Look out, German Gigafactory. There's a new automaker in town.
While Tesla continues to fumble with red tape and environmental activists in getting its German factory up and running, Porsche has said this week it is going to be developing and producing battery cells for its EV cars as part of a new joint venture with a German lithium-ion specialist.
Porsche is going to be investing "a high double-digit million euro sum" in Custom Cells GmbH, according to Bloomberg. As a result, it will control a 83.75% stake in the venture, which is expected to start production in 2024. The German state will contribute about $71 million in funding, the report says.
Porsche Chief Executive Officer Oliver Blume said this week: “The battery cell is the combustion chamber of the future.”
The move comes as part of a broader move for the auto industry, which is looking to keep pace with Tesla and attract customers with better range efficiency. For sports cars like Porsches, batteries "need to cope with high temperatures and be capable of fast-charging and effective energy recuperation," according to Bloomberg.

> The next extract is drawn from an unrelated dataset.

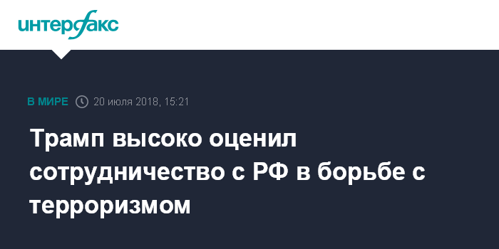 Москва. 20 июля. INTERFAX.RU - Президент США Дональд Трамп в пятницу дал положительную оценку сотрудничеству с Россией в том, что касается борьбы против терроризма.
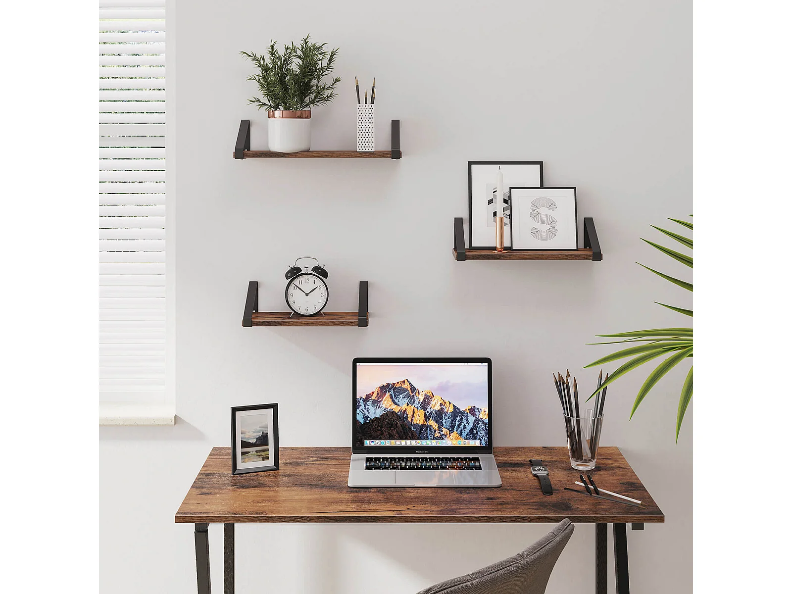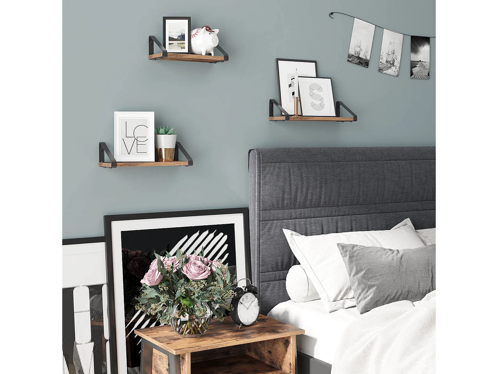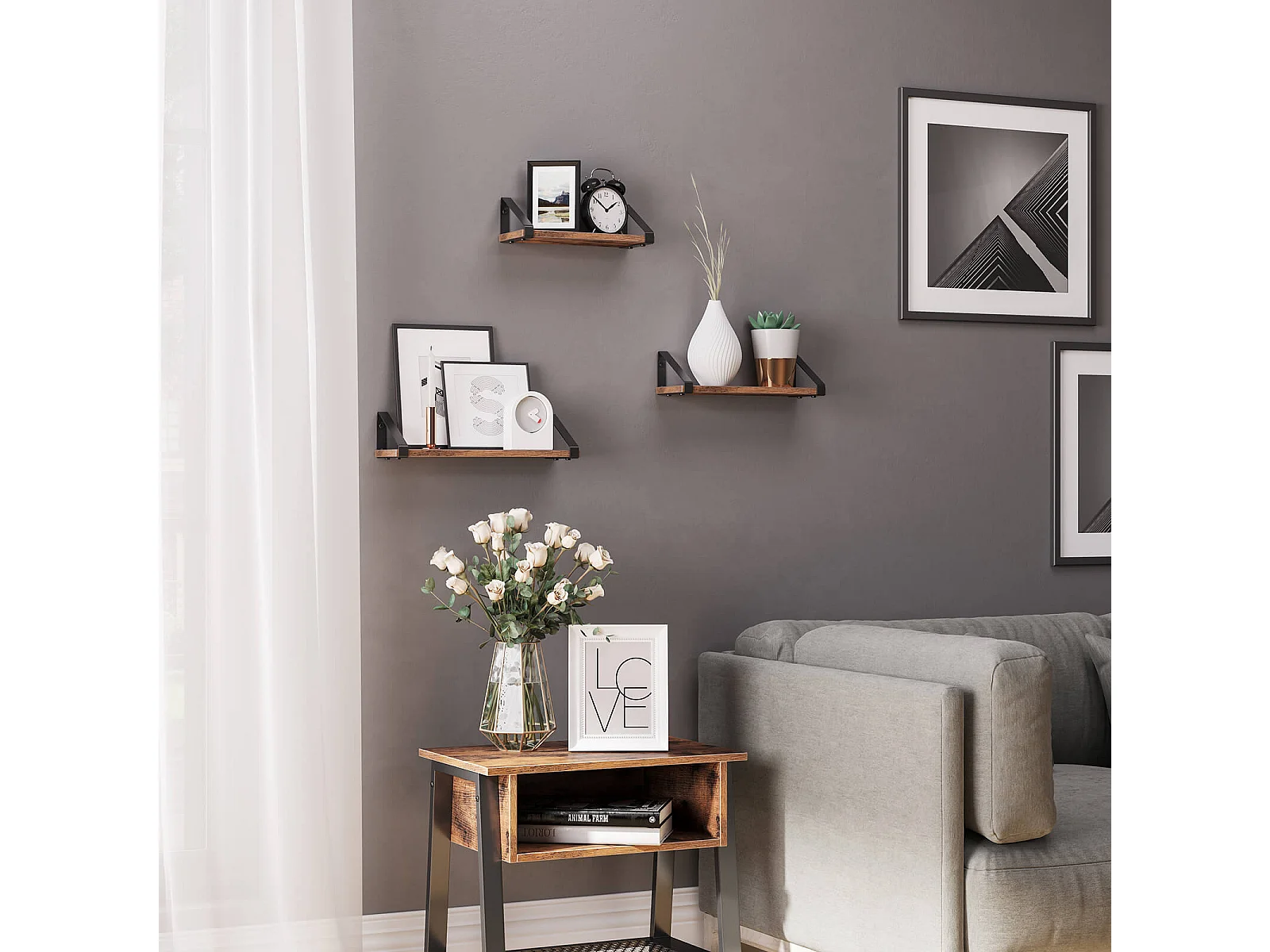 VASAGLE Wandregale, Industrielles Schweberegal zur Wandmontage, 3er Set, Stabiler Ständer für Wohnzimmer, Bad, Küche, Rustikal Braun LWS33BX

The new Porsche cells will allow charging in less than 15 minutes. Porsche's Taycan currently takes about 22.5 minutes to charge a battery to 80% from 5%. Porsche is using silicon as anode material for higher density and more compact batteries. BASF will also work as a development partner for the deal.
The factory is slated to wind up outside Stuttgart and will have an annual capacity of at least 100 megawatt hours, which is enough to make cells for about 1,000 cars per year.
The workforce is starting at 13 and will expand to as many as 80 by 2025. The company says that the new cells "will first be used in a Porsche race car or a high-performance version of one of its existing models", according to Porsche development chief Michael Steiner.
Blume even predicts that the cells could eventually wind up being used by other VW Auto Group brands like Audi and Lamborghini.